→ **PROBLEM**
Ignoring every picture, transcribe the data in full as it stands.

→ **GIVEN DATA**
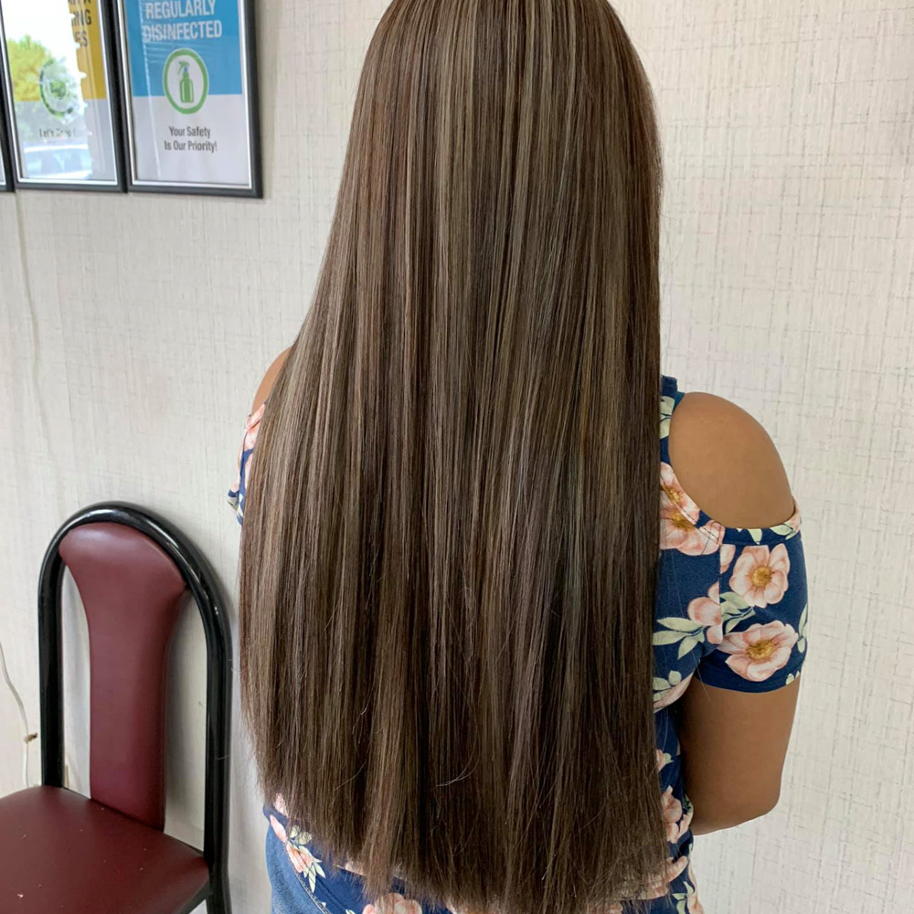 A highlight creates a contrast and brightening effect throughout hair. Includes full head of foils or hand painted techniques. Up charge for longer or thicker hair.
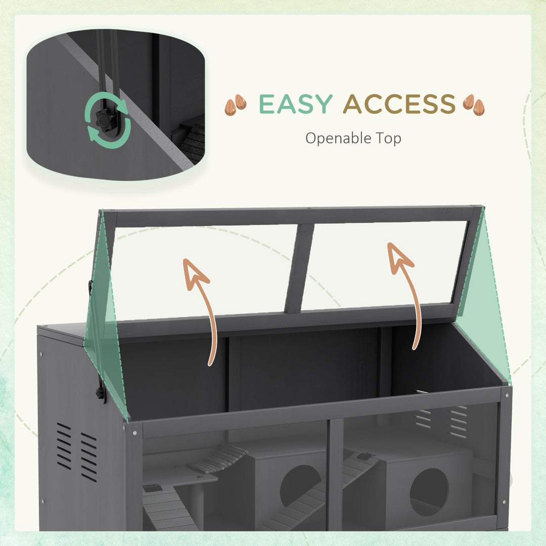 - Openable top: Large top access makes feeding, interaction and cleaning simple; top surface also provides a handy spot for storing small supplies.
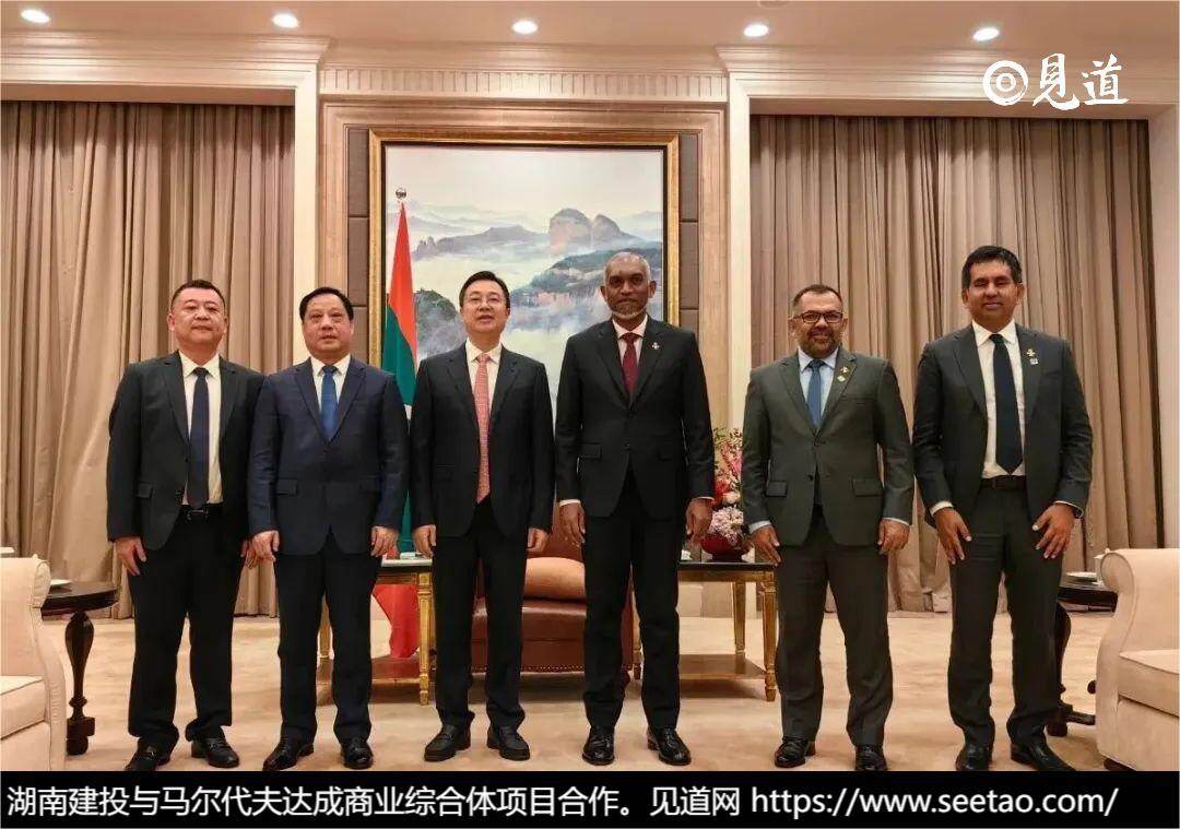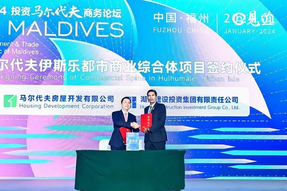 在2024年“投资马尔代夫”商务论坛上,湖南建投集团党委书记、董事长蔡典维与马尔代夫房屋开发有限公司签署了关于马尔代夫伊斯乐都市商业综合体项目的合作协议。

→ **TASK RESPONSE**
 A highlight creates a contrast and brightening effect throughout hair. Includes full head of foils or hand painted techniques. Up charge for longer or thicker hair.
 - Openable top: Large top access makes feeding, interaction and cleaning simple; top surface also provides a handy spot for storing small supplies.
 在2024年“投资马尔代夫”商务论坛上,湖南建投集团党委书记、董事长蔡典维与马尔代夫房屋开发有限公司签署了关于马尔代夫伊斯乐都市商业综合体项目的合作协议。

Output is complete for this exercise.